Prompt:
Please set down only the lines below starting with the line with "aliexpress , ali" and going on through the line with "Других активностей на", verbatim and without pictures.

Data listing:
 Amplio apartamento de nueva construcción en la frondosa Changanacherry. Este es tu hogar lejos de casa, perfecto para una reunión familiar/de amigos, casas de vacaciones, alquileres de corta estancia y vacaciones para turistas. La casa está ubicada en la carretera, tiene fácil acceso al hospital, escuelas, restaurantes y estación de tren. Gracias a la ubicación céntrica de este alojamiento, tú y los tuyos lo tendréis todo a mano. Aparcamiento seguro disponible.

* * *

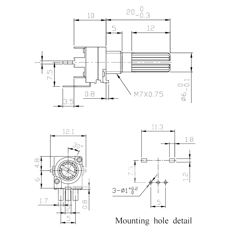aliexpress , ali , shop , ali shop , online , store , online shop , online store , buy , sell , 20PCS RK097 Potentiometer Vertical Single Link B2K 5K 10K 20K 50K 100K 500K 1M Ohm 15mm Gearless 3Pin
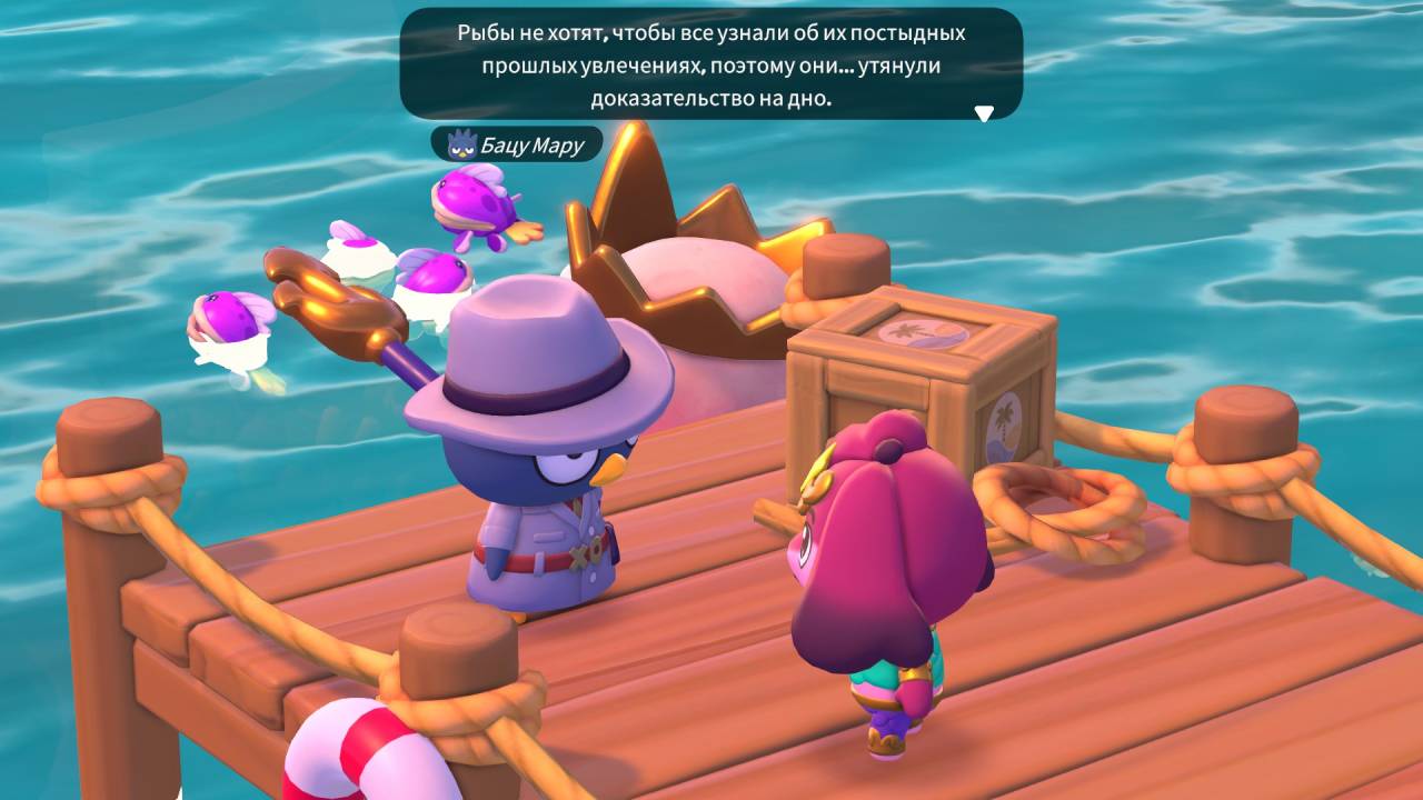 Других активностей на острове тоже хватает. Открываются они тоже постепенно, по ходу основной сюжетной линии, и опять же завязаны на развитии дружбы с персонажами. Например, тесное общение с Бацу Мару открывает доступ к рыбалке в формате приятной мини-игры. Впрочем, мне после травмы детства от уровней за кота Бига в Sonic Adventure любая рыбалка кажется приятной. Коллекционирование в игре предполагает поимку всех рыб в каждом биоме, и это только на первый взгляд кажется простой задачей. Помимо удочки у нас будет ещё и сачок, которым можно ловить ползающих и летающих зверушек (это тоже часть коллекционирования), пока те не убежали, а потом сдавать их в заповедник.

Written solution:
aliexpress , ali , shop , ali shop , online , store , online shop , online store , buy , sell , 20PCS RK097 Potentiometer Vertical Single Link B2K 5K 10K 20K 50K 100K 500K 1M Ohm 15mm Gearless 3Pin
 Других активностей на острове тоже хватает. Открываются они тоже постепенно, по ходу основной сюжетной линии, и опять же завязаны на развитии дружбы с персонажами. Например, тесное общение с Бацу Мару открывает доступ к рыбалке в формате приятной мини-игры. Впрочем, мне после травмы детства от уровней за кота Бига в Sonic Adventure любая рыбалка кажется приятной. Коллекционирование в игре предполагает поимку всех рыб в каждом биоме, и это только на первый взгляд кажется простой задачей. Помимо удочки у нас будет ещё и сачок, которым можно ловить ползающих и летающих зверушек (это тоже часть коллекционирования), пока те не убежали, а потом сдавать их в заповедник.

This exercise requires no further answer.